Every day, relatively large amount of potentially infectious and hazardous waste are
generated in the health care facilities around the world. This project report intends to
highlight that the proper management of biomedical waste has become a worldwide
humanitarian topic today.

There is a big network of Health Care Institutions in India. Thus, it is very essential for
the hospital waste to be properly collected, segregated, stored, transported, treated and
disposed off in a safe manner to prevent hospital-acquired infection.

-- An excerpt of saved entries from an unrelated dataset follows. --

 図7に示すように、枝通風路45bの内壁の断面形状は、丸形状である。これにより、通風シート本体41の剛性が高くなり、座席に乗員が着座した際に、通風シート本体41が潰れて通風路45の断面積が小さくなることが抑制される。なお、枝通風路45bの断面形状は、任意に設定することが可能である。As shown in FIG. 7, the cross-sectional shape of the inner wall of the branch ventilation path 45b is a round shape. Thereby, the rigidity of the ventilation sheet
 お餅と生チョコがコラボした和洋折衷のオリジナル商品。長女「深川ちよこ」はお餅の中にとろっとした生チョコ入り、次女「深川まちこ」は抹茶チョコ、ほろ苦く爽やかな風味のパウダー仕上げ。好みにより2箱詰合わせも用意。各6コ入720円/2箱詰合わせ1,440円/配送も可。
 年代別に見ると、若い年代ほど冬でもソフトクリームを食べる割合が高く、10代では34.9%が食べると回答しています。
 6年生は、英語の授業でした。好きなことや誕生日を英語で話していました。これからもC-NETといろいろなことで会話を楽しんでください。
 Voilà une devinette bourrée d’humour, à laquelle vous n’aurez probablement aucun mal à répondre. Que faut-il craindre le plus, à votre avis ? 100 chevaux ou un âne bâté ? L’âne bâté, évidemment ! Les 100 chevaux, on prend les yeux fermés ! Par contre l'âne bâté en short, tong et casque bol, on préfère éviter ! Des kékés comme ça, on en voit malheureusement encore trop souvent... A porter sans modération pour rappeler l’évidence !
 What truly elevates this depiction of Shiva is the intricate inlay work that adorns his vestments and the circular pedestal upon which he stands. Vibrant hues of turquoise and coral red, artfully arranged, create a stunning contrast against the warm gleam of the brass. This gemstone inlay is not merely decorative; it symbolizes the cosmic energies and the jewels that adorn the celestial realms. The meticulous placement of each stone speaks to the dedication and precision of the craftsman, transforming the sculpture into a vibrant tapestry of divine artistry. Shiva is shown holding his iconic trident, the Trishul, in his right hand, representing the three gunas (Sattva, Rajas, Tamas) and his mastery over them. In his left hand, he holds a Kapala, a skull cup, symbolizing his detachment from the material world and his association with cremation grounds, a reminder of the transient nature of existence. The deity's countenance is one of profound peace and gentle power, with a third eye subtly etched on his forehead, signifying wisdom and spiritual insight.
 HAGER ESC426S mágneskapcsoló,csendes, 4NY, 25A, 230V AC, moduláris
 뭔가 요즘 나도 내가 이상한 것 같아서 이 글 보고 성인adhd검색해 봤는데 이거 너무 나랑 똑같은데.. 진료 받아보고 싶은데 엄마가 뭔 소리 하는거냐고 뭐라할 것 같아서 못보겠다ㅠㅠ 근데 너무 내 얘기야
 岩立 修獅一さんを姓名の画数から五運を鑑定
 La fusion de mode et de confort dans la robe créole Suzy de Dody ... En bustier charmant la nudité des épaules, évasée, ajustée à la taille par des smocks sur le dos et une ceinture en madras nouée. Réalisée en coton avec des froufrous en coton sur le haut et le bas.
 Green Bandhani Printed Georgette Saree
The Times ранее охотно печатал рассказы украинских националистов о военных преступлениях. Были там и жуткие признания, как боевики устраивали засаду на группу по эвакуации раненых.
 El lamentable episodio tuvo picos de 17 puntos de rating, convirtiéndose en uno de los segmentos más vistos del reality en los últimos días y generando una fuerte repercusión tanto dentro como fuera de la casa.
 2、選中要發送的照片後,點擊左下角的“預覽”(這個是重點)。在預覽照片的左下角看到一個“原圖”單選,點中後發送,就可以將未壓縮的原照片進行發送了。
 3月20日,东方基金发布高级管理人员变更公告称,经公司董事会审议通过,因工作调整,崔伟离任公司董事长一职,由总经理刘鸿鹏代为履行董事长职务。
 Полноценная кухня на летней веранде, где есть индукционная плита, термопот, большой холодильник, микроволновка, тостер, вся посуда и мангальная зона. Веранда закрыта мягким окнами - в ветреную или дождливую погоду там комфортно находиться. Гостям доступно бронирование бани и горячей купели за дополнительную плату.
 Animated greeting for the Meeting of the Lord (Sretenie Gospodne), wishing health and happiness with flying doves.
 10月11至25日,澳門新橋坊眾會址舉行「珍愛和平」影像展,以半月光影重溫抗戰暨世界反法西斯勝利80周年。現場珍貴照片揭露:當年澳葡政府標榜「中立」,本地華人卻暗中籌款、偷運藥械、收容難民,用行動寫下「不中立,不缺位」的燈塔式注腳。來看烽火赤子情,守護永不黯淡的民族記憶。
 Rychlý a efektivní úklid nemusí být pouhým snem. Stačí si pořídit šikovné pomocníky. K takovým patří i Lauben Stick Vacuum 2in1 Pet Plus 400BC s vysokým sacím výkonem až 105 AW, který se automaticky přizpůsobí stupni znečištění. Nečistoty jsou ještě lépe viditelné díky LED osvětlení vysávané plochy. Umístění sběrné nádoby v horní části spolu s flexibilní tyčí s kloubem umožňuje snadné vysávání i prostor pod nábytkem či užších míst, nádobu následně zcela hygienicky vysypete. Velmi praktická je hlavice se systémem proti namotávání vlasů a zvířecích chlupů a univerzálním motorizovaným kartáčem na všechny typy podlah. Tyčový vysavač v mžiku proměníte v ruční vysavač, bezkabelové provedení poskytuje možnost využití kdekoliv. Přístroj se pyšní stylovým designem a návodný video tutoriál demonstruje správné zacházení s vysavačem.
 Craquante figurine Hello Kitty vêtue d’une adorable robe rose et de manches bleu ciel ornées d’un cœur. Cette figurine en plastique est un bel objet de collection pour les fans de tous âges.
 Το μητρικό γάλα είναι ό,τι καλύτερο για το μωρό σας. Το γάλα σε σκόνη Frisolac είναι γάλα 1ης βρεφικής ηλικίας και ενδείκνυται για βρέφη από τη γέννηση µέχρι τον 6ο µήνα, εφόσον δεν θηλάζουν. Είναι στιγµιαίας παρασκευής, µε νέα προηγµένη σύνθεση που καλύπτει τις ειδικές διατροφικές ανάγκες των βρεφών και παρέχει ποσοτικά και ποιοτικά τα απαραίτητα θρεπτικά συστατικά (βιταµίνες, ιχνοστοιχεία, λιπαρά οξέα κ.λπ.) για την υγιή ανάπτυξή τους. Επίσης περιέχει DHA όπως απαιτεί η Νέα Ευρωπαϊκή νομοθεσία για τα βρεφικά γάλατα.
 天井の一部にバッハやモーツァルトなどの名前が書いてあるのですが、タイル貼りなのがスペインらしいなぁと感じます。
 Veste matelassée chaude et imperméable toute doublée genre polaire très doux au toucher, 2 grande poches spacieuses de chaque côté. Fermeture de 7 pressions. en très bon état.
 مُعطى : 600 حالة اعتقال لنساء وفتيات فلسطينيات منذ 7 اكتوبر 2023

Health care waste is a heterogeneous mixture, which is very difficult to manage as


such. But the problem can be simplified and its dimension can be reduced considerably
if a proper management system is planned.
Incineration, non-Incineration, autoclaving, microwaving, etc. are examples of a few
methods used for BMW disposal.

Benefits of Biomedical Waste Management


´ Cleaner and healthier surroundings.
´ Reduction in the incidence of hospital acquired and general infections.
´ Reduction in the cost of infection control within the hospital.
´ Reduction in the possibility of disease and death due to reuse and repackaging of
infectious disposables.
´ Low incidence of community and occupational health hazards.
´ Improved image of the healthcare establishment and increases the quality of life.

Recommendations
1. Bio-medical waste should not be mixed with other waste of Municipal
Corporation.
2. Special vehicle should be assigned to collect waste from health care facilities and
carry it up to the main incinerator.
3. The whole of the waste should be fragmented into colors due to their hazardous
nature.
4. Housekeeping staff should wear protective devices such as gloves, face masks,
gowns, while handling the waste.

Medical wastes should be classified according to their source, typology and risk factors
associated with their handling, storage and ultimate disposal. The segregation of waste
at source is the key step and reduction, reuse and recycling should be considered in
proper perspectives.

We need to consider innovative and radical measures to clean up the distressing picture
of lack of civic concern on the part of hospitals and slackness in government
implementation of bare minimum of rules, as waste generation particularly biomedical
waste imposes increasing direct and indirect costs on society.

The challenge before us, therefore, is to scientifically manage growing quantities of


biomedical waste that go beyond past practices. If we want to protect our environment
and health of community we must sensitize ourselves to this important issue not only in
the interest of health managers but also in the interest of community.